> _Task material_
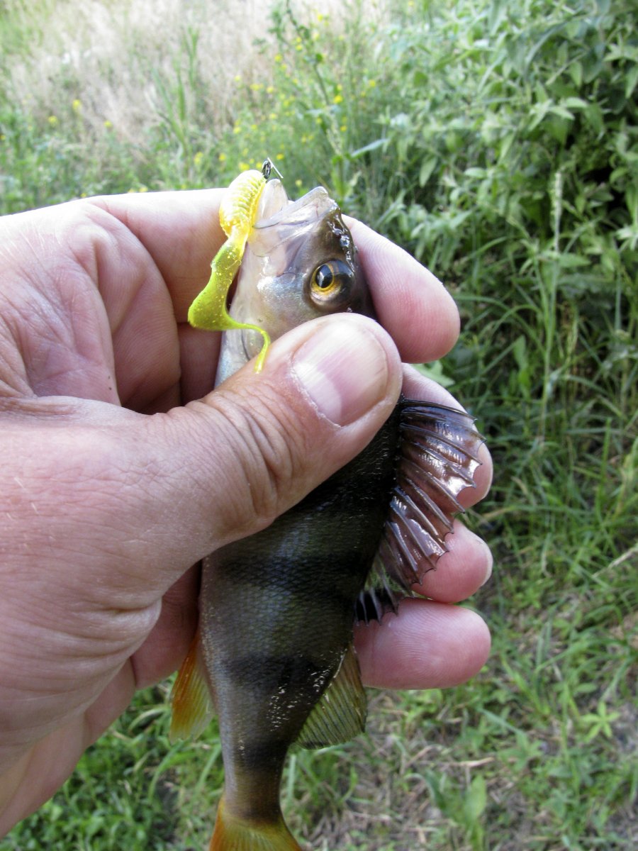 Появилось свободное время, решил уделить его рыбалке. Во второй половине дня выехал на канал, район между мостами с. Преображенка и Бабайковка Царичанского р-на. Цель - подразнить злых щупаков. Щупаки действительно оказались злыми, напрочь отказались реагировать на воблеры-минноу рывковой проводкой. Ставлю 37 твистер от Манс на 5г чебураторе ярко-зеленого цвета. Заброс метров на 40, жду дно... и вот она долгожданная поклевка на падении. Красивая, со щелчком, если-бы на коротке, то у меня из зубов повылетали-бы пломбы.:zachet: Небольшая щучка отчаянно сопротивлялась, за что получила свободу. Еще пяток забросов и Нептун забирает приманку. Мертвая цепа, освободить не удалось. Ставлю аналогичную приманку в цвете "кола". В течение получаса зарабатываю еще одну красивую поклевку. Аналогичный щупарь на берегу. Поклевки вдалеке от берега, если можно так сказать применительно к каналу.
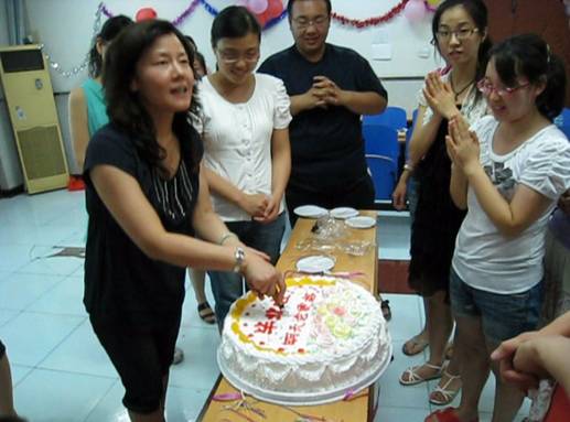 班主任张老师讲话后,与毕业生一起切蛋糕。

---

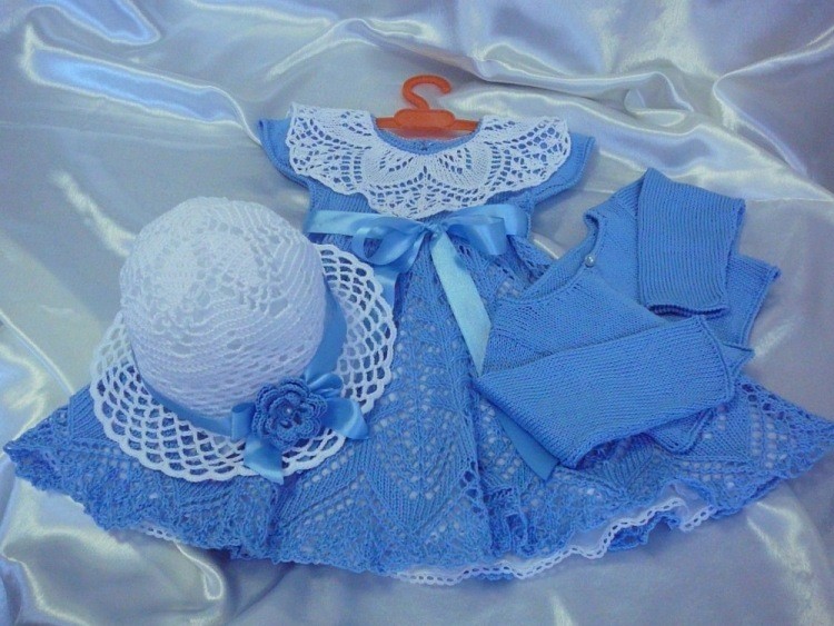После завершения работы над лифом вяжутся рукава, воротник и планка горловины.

==

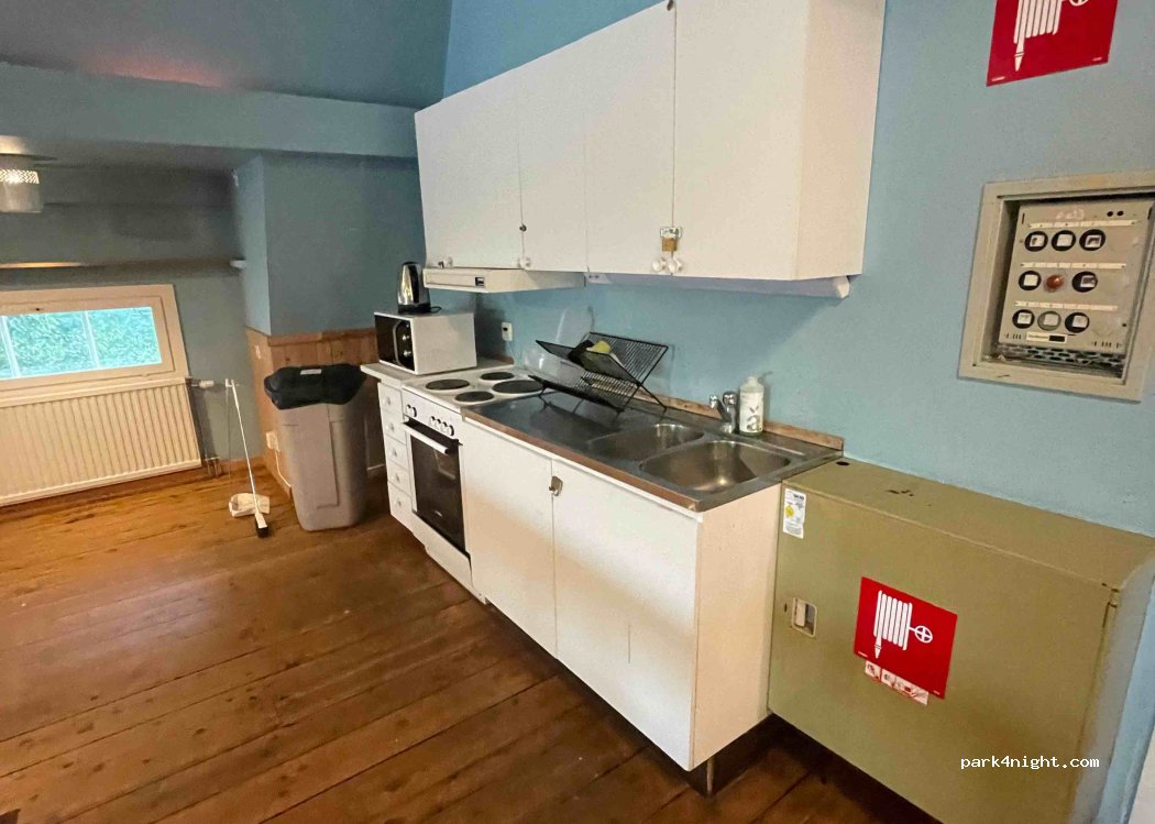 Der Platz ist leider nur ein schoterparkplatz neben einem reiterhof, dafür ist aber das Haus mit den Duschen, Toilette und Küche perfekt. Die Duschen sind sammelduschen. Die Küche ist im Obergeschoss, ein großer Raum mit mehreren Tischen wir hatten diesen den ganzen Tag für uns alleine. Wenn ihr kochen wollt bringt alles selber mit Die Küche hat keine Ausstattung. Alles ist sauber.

> _Work task_
Your reply should consist solely of the lines above from the line containing "Появилось свободное время, решил" up to and including the line containing "班主任张老师讲话后,与毕业生一起切蛋糕。", reproduced exactly, minus the pictures.

> _Exercise output_
 Появилось свободное время, решил уделить его рыбалке. Во второй половине дня выехал на канал, район между мостами с. Преображенка и Бабайковка Царичанского р-на. Цель - подразнить злых щупаков. Щупаки действительно оказались злыми, напрочь отказались реагировать на воблеры-минноу рывковой проводкой. Ставлю 37 твистер от Манс на 5г чебураторе ярко-зеленого цвета. Заброс метров на 40, жду дно... и вот она долгожданная поклевка на падении. Красивая, со щелчком, если-бы на коротке, то у меня из зубов повылетали-бы пломбы.:zachet: Небольшая щучка отчаянно сопротивлялась, за что получила свободу. Еще пяток забросов и Нептун забирает приманку. Мертвая цепа, освободить не удалось. Ставлю аналогичную приманку в цвете "кола". В течение получаса зарабатываю еще одну красивую поклевку. Аналогичный щупарь на берегу. Поклевки вдалеке от берега, если можно так сказать применительно к каналу.
 班主任张老师讲话后,与毕业生一起切蛋糕。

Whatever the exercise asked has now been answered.